Including <bits/something.h> I doubt is valid C++ std usage.
The bits folder is usually internals of the implementation.

My results are on my M2 mac:

% time py3 fib.py
1836311903
PYTHONSTARTUP=~/bin/py3startup.py python3 fib.py 175.63s user 0.48s system 99% cpu 2:56.13 total

% time ./a.out
1836311903
./a.out 8.97s user 0.03s system 99% cpu 8.997 total

The python code is 19.6 times slower.
Which is as Stephen suggested between 10-100 times.

Thanks for running that test!

I’m actually impressed that Python is only 20 times slower. What happens if you enable all the C++ optimizations you can?

Using llvm’s -O2 I get this:

% c++ -O2 fib.cpp
% time ./a.out
1836311903
./a.out  4.98s user 0.02s system 94% cpu 5.296 total

% c++ fib.cpp
% time ./a.out
1836311903
./a.out  8.97s user 0.03s system 97% cpu 9.226 total

I did not bother with averaging lots of runs etc etc.

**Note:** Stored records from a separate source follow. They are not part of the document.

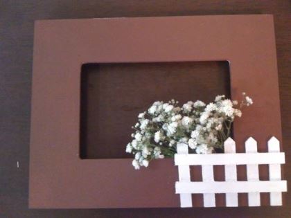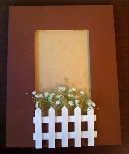 – Compre enfeitinhos pra deixar seu trabalho mais caprichado. Eu comprei mini vasinhos, mini banquinho de praça, mini cerquinhas. Tudo a preços de centavos. Pintei as cerquinhas e o banquinho com tinta branca, umas duas mãos, até sumir o MDF. E pra deixar tudo com ar ainda mais bucólico, usei gipsophylas pra dar um charme. Colei as peças com cola branca e as florzinhas com cola quente, porque eu queria que elas secassem até meu casamento, pra ficar ainda mais campestre.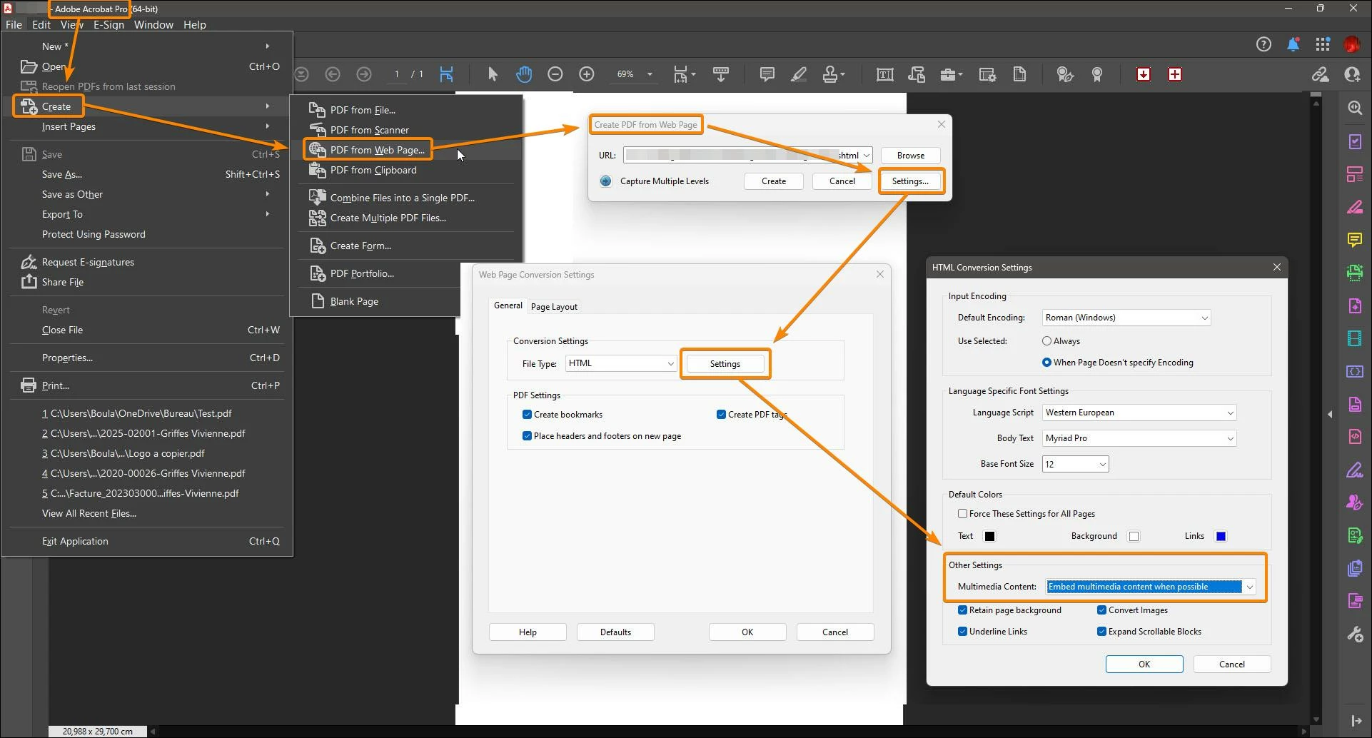 I have a web page with some mp3 files(very short files, just some words' pronunciation), the whole page being saved on my computer. I want to convert it to pdf without adding the multimedia files one by one.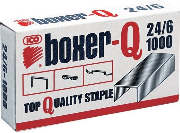 Zszywki Boxer 24/6, srebrne, 1000 sztuk. Zszywki Boxer wykonane zostały z wysokiej jakości stali, pokrytej dodatkowo powłoką galwaniczną chroniącą przed korozją. Gwarantują wygodne zszywanie dokumentów dzięki twardości i wytrzymałości. W ofercie zszywki dostępne są w różnych rozmiarach.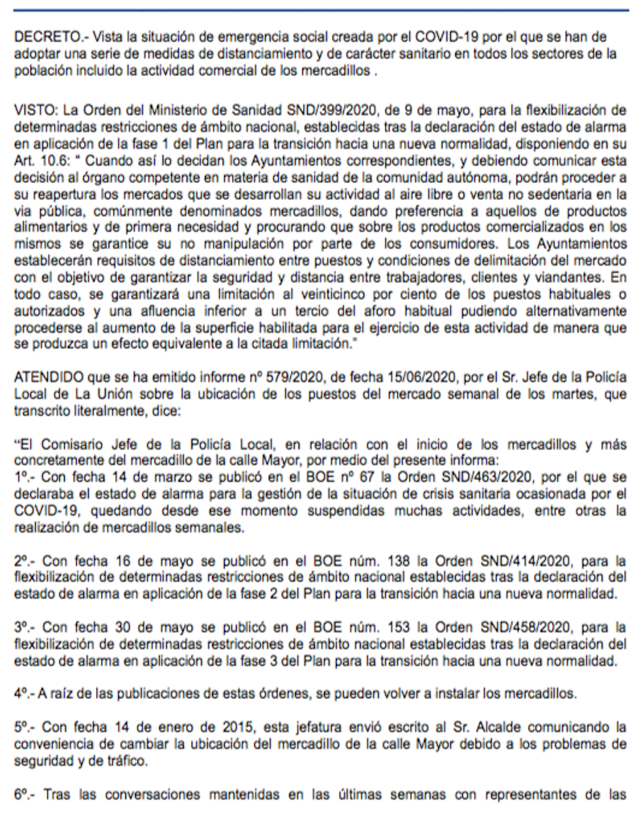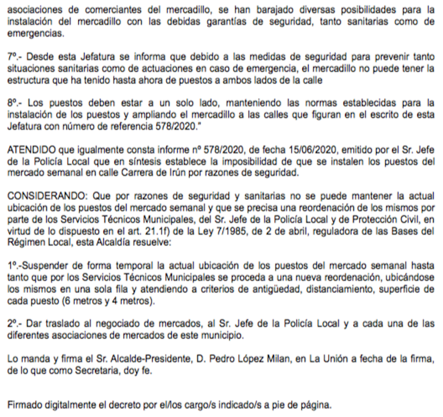 Esta mañana, el Alcalde, Pedro López Milán, tras ser informado por los Servicios técnicos y el Comisario Jefe de la Policía Local, ha firmado un Decreto por el que sigue suspendido el mercadillo de los martes hasta que se lleve a cabo la nueva ubicación de los puestos que forman parte del mismo. Todo ello atendiendo a las medidas de distanciamiento y de carácter sanitario, enmarcadas dentro de la situación de emergencia social creada por el COVID-19.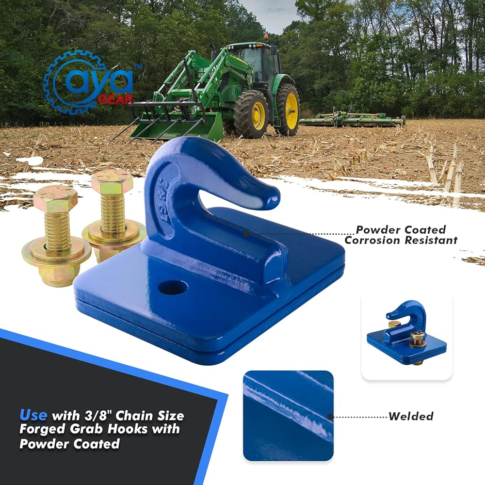 AYA GEAR Bolt-On G70 rated forged hooks arewelded to a 1/4" plate and also includes the Grade#8 nuts. These are perfect for use with G70 chains that's commonly used with small to mediumsized Compact Utility Tractor's and Sub Compact Utility Tractors. These bolt on grab hooks are galvanized to avoid rusting.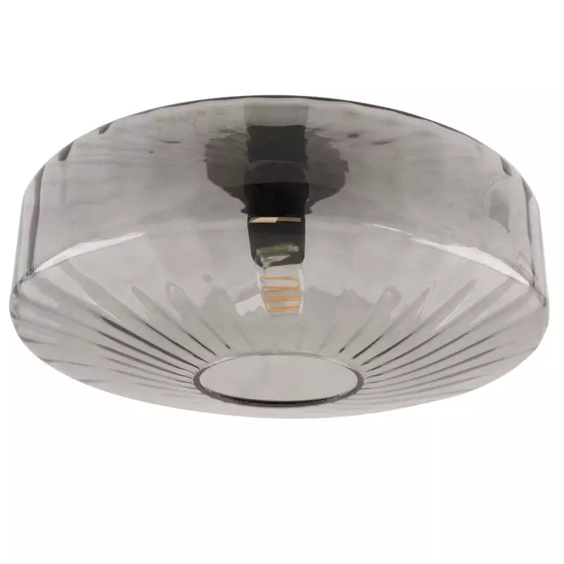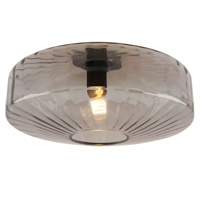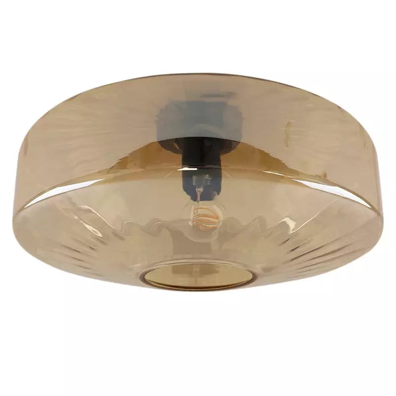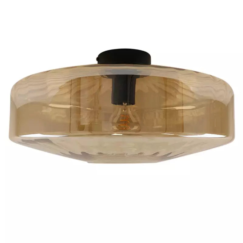Bring a touch of mid-century charm to your home with this drum-shaped ceiling light. Its ripple glass shade creates a mesmerizing play of light, adding texture and warmth. Perfect for dining rooms, bedrooms, and hallways.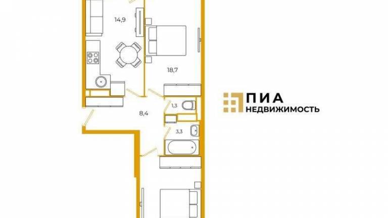 ОН 22758. Новый уютный ЖК между д вумя станциями метро. Просторная евро-двушка с большой застекленной лоджией. Спальня 11 кв. метров, и кухня-гостинная 20 кв.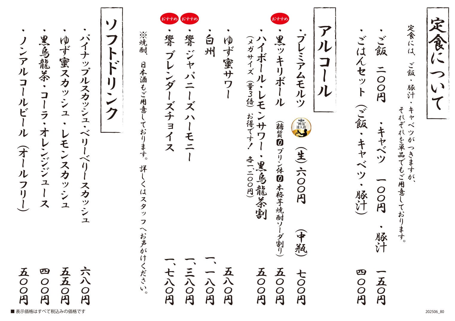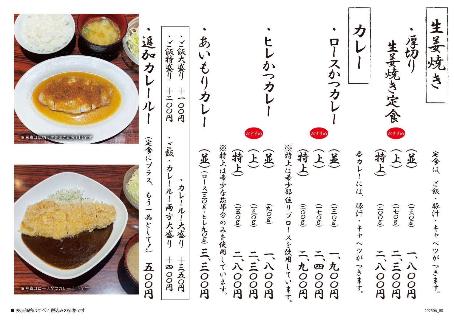 ※上記他、とんかつの豚肉を使用した生姜焼き、メンチカツ、おつまみメニュー、ソフトドリンク、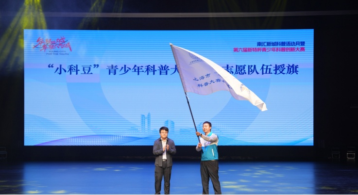 为了更好地推动大赛顺利进行,充分发挥科普在青少年成长中的积极作用,小科豆科技志愿总队成立“小科豆”青少年科普大赛科技志愿队伍,旨在凝聚一批热爱科技、富有热情且具备专业知识的大学生科技志愿者,为大赛提供全方位的支持和服务。开幕式上,临港新片区管委会党群工作部副部长、南汇新城镇党委委员谭荣友为上海市“小科豆”科技志愿团队队长、上海市机械工程学会办公室主任王镒杰授旗。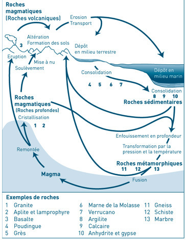Les roches se forment au cours d'un cycle continu, se transforment et se décomposent de nouveau. Les mouvements sont généralement si lents que nous ne les détectons pas. Il y a d’abord formation de massifs dont les roches s’érodent en surface. Ces massifs sont abrasés et les débris d’érosion entraînés par les cours d’eau. Ces débris s’accumulent ensuite sous forme de roches sédimentaires, qui peuvent être enfouies à de grandes profondeurs. Soumises à des pressions ou des températures très élevées, elles se transforment alors en roches métamorphiques. La roche en fusion ou magma se solidifie en profondeur ou en surface pour former des roches magmatiques, puis le cycle recommence.On a donc trois types de roche: les roches magmatiques, métamorphiques et sédimentaires. Les roches sont essentiellement constituées de composants minéraux, parmi lesquels des verres naturels. Elles peuvent aussi contenir des matières organiques telles que des résidus animaux ou des composants végétaux
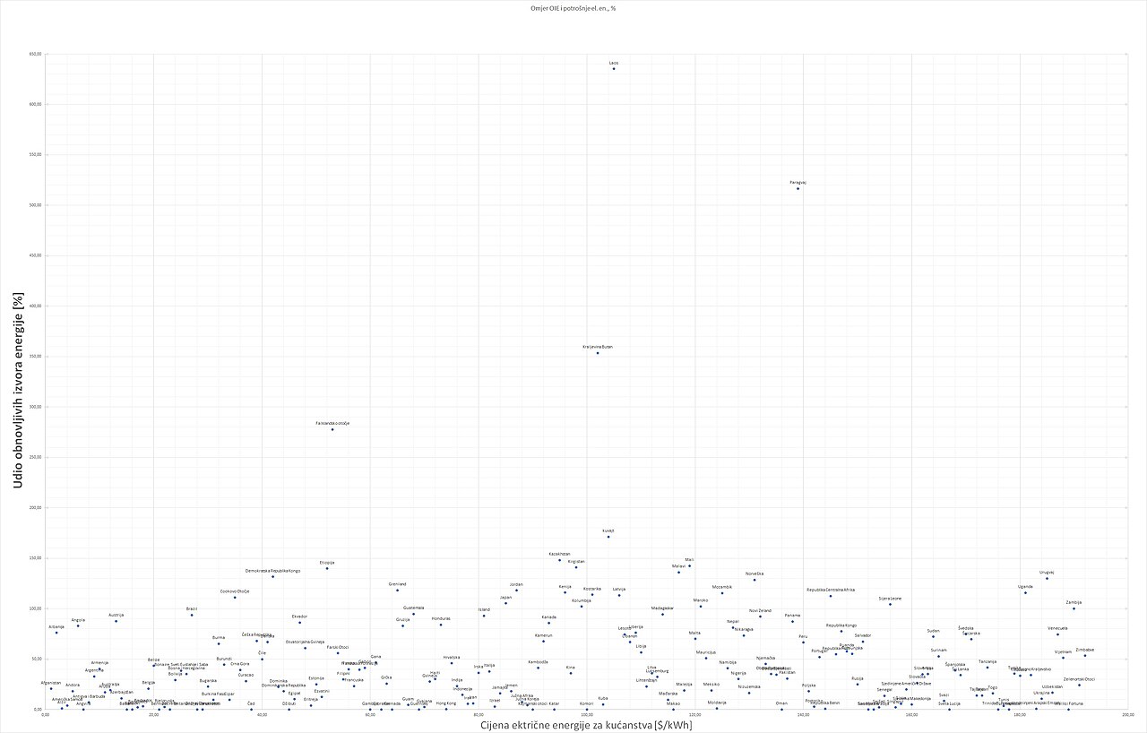 Dodatak:Udio OIE u električnoj energiji i cijena električne energije

And as others have pointed out this might be a ok ish mathamatical algorithm its suck as a computer algorithm.

You probably mean Python doesn’t have a way.

There is a way, to a language designer.

Shedskin or Cython could probably run circles around a purely CPython approach.

Yes, I meant that, in Python, there is no way to know which functions are pure.

If you want to completely rewrite everything from scratch, sure, but at that point it’s not optimizing Python any more.